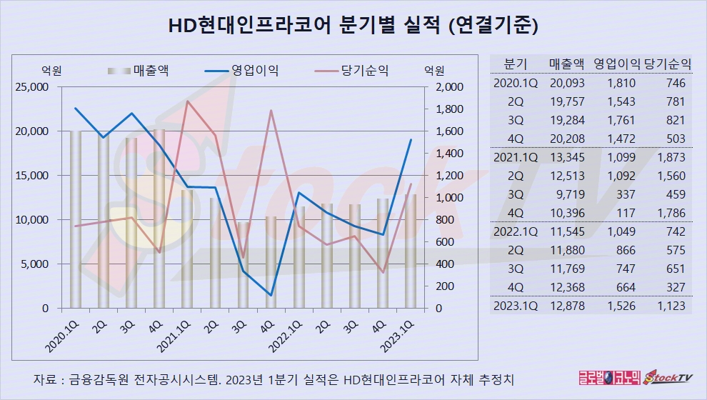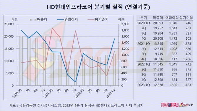 HD현대인프라코어는 2023년 1분기 연결기준 매출액이 1조2878억원으로 전년동기보다 12% 증가했습니다.
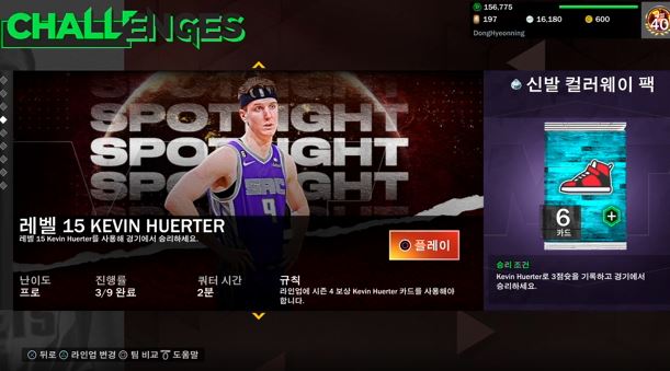 시즌4 보상 스포트라이트 kevin huerter 이 선수로 3점슛 넣고 승리하기 미션있는데..
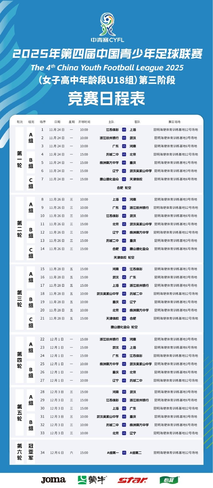 2025年第四届中国青少年足球联赛女子高中年龄段U18组第三阶段将于11月24日至12月6日在云南省昆明海埂高原训练基地举行。
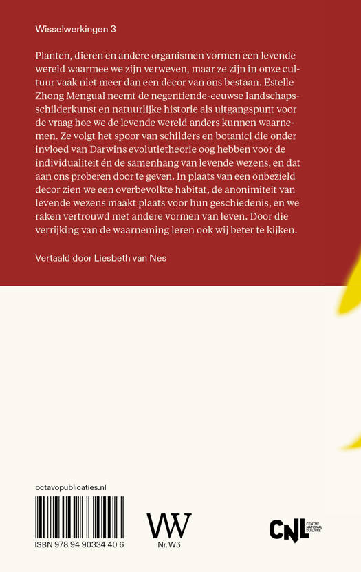 Planten, dieren en andere organismen vormen een levende wereld waarmee we zijn verweven, maar ze zijn in onze cultuur vaak niet meer dan een decor van ons bestaan. Estelle Zhong Mengual neemt de negentiende-eeuwse landschapsschilderkunst en natuurlijke historie als uitgangspunt voor de vraag hoe we de levende wereld anders kunnen waarnemen. Ze volgt het spoor van schilders en botanici die onder invloed van Darwins evolutietheorie oog hebben voor de individualiteit én de samenhang van levende wezens, en dat aan ons proberen door te geven. In plaats van een onbezield decor zien we een overbevolkte habitat, de anonimiteit van levende wezens maakt plaats voor hun geschiedenis, en we raken vertrouwd met andere vormen van leven. Door die verrijking van de waarneming leren ook wij beter te kijken.
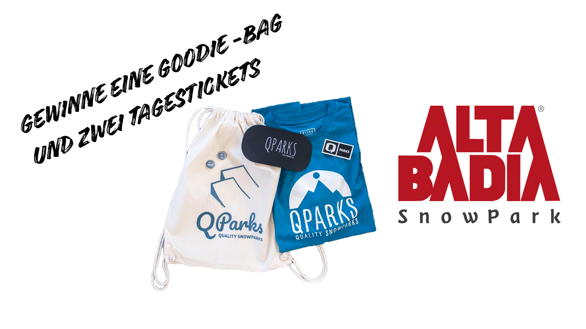 Das obergeile QParks Goodiebag besteht aus einem Gymbag, einer QParks Soggle, zum Schutz deiner Goggle, einem QParks T-Shirt, Stickern und Buttons. Obendrauf gibt’s noch zwei Tageskarten für das italienische Skigebiet Alta Badia in den Dolomiten. Das Skigebiet verfügt über 53 bequeme und schnelle Skilifte und 130 Kilometer bestens präparierte Skipisten inklusive Snowpark!
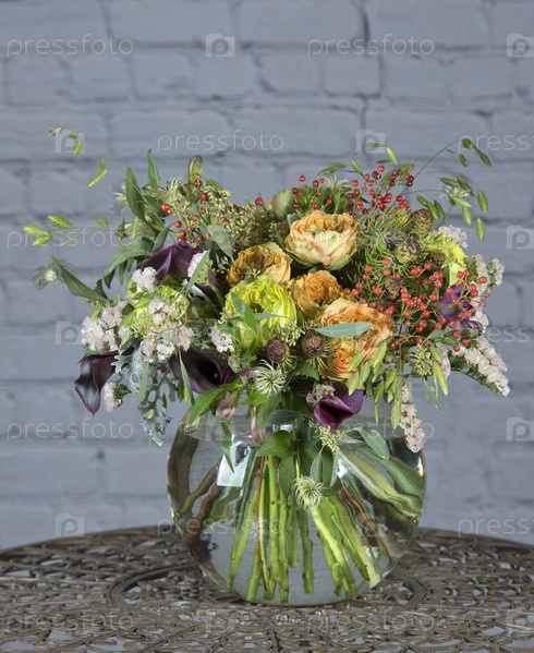 Букет из разных роскошных цветов в стеклянной круглой вазе. Флористический дизайн
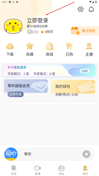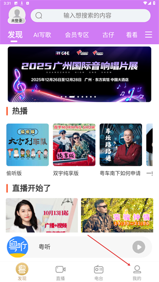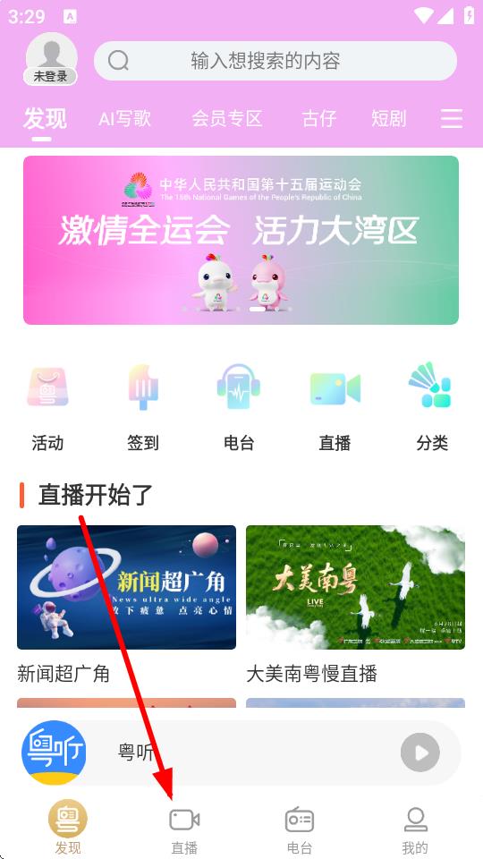 1、打开粤听app,点击底部导航栏中的直播选项。
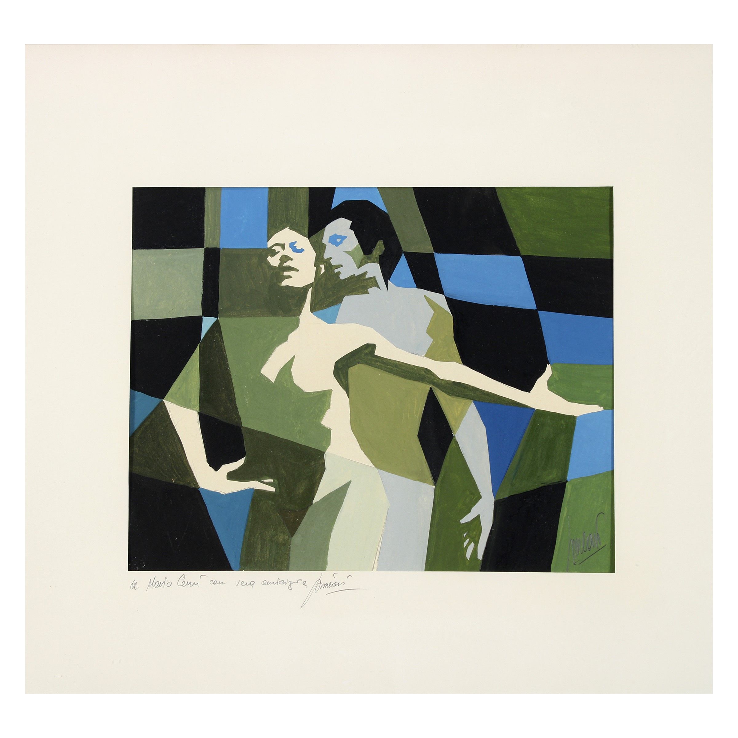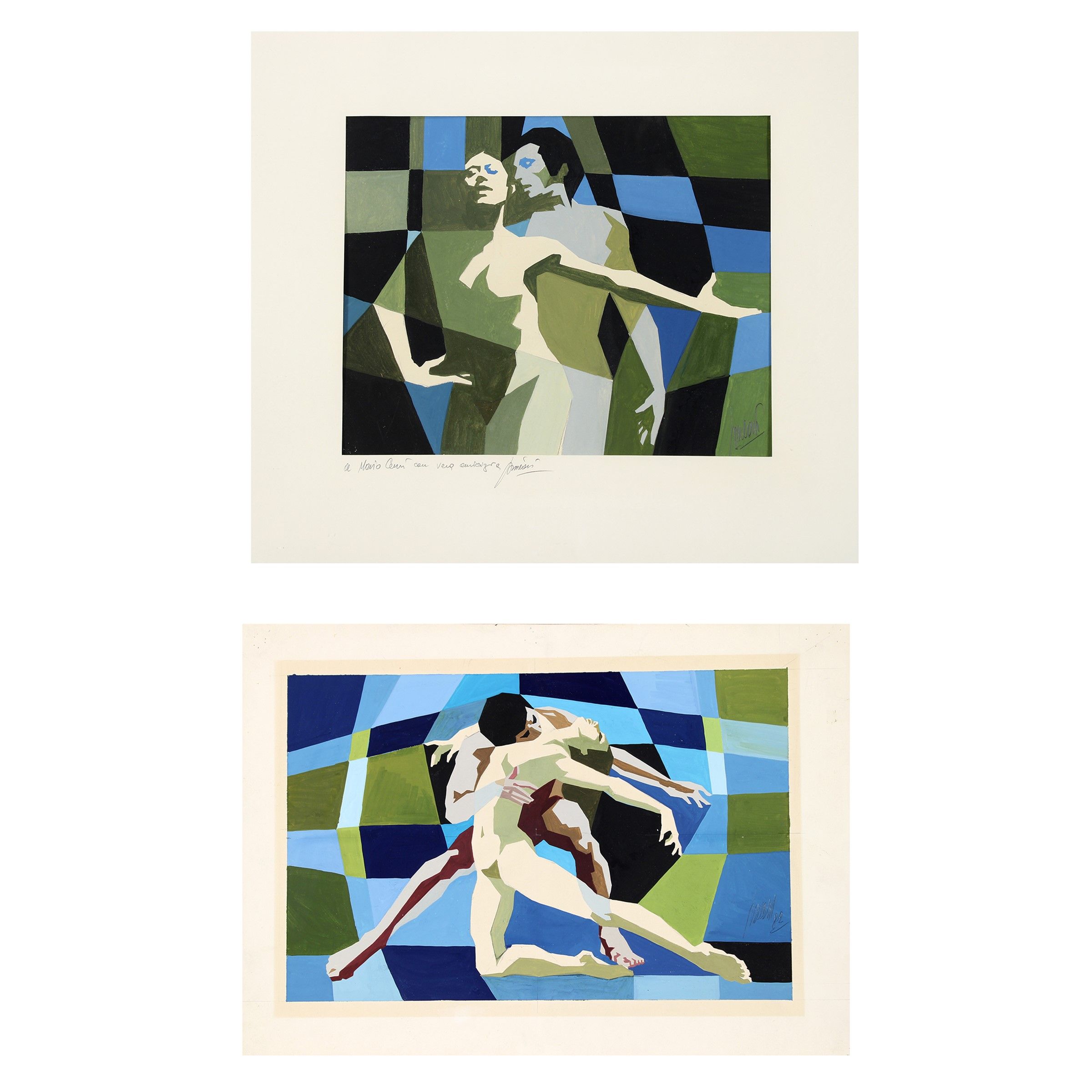 Migliarino 1928- Roma 2007 'Ballerini', 1982, coppia di tecniche miste su cartoncino, firmate e datate in basso a destra, entro cornici
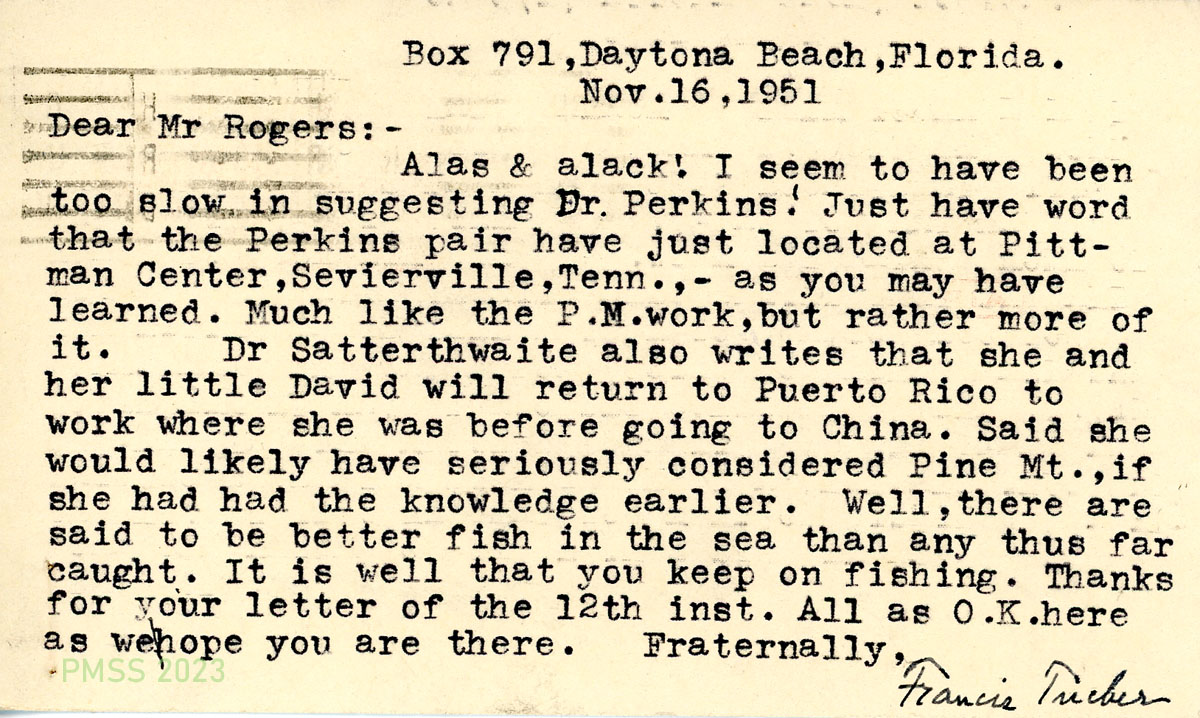 029a November 16, 1951. Message side of postcard to Rogers from Dr. F.F. Tucker, suggesting Dr. Perkins as a possible candidate for PMSS medical work. Mentions Dr. Satterthwaite, who expressed interest in Pine Mountain, but has already moved to Puerto Rico from China.

GOAL OF THE EXERCISE
Of the lines above, quote exactly those from the one with "시즌4 보상 스포트라이트" through the one with "Planten, dieren en", ends included; pictures stay out.

FINISHED EXERCISE
 시즌4 보상 스포트라이트 kevin huerter 이 선수로 3점슛 넣고 승리하기 미션있는데..
 2025年第四届中国青少年足球联赛女子高中年龄段U18组第三阶段将于11月24日至12月6日在云南省昆明海埂高原训练基地举行。
 Planten, dieren en andere organismen vormen een levende wereld waarmee we zijn verweven, maar ze zijn in onze cultuur vaak niet meer dan een decor van ons bestaan. Estelle Zhong Mengual neemt de negentiende-eeuwse landschapsschilderkunst en natuurlijke historie als uitgangspunt voor de vraag hoe we de levende wereld anders kunnen waarnemen. Ze volgt het spoor van schilders en botanici die onder invloed van Darwins evolutietheorie oog hebben voor de individualiteit én de samenhang van levende wezens, en dat aan ons proberen door te geven. In plaats van een onbezield decor zien we een overbevolkte habitat, de anonimiteit van levende wezens maakt plaats voor hun geschiedenis, en we raken vertrouwd met andere vormen van leven. Door die verrijking van de waarneming leren ook wij beter te kijken.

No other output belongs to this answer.